Although modifications and changes may be suggested by those skilled in the art, it is the intention of the inventors to embody within the patent warranted hereon all changes and modifications as reasonably and properly come within the scope of their contribution to the art.

Claims

1. A magnetic resonance system comprising:

a basic magnet system that annularly surrounds an examination volume;

a gradient coil system disposed radially within the basic magnet system;

a radio-frequency shield disposed radially within the gradient coil system;

a whole-body coil disposed radially within the radio-frequency shield;

said gradient coil system having a circular configuration and thereby defining a gradient coil axis; and

within one complete circumference around said gradient coil system axis, said whole body coil consisting of a first segment and a second segment complementary to the first segment, said first segment encompassing an angular range of more than 180° relative to said gradient coil system axis and said whole body coil having a constant radius of curvature in said first segment and being less curved in said second segment than in said first segment, and said whole body coil being disposed in said gradient system making a radio-frequency field return in a center of said first segment and a radio-frequency field return in the center of the second segment substantially equal.

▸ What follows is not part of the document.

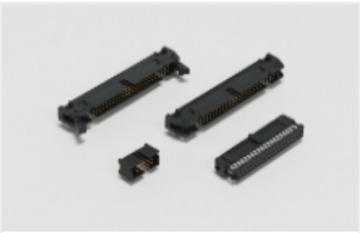
Ribbon Cable Connectors(183)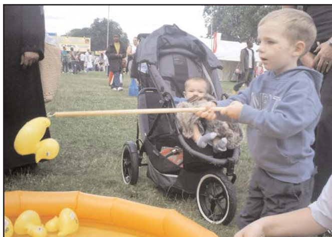
Children play Hook the Duck

For more information, contact the Communications Team on 020 7926 8613/8620

2. A magnetic resonance system as claimed in claim 1 wherein said radio-frequency shield radially abuts an interior of said gradient coil system.

3. A magnetic resonance system as claimed in claim 1 wherein said second segment is a straight segment.

4. A magnetic resonance system as claimed in claim 1 wherein said second segment is circular arced.

5. A magnetic resonance system as claimed in claim 1 wherein said second segment is smoothly curved with a non-constant curvature.

6. A magnetic resonance system as claimed in claim 5 wherein said second segment exhibits a shape selected from the group consisting of an ellipse and an oval.

7. A magnetic resonance system as claimed in claim 5 wherein said first and second segments tangentially abut each other.

8. A magnetic resonance system as claimed in claim 1 wherein said first segment is a shell segment of a cylinder that, in a cross-section perpendicular to the gradient coil system axis, encompasses a circular arc of at least 180°.

9. A magnetic resonance system as claimed in claim 1 wherein said whole body coil comprises end ferrules extending around said gradient coil system axis, and a plurality of antenna rods connected between the end ferrules, said antenna rods being distributed around the gradient coil system axis.

10. A magnetic resonance system as claimed in claim 9 wherein said antenna rods are equidistant from each other with regard to an arc length between neighboring antenna rods along said first and second segments.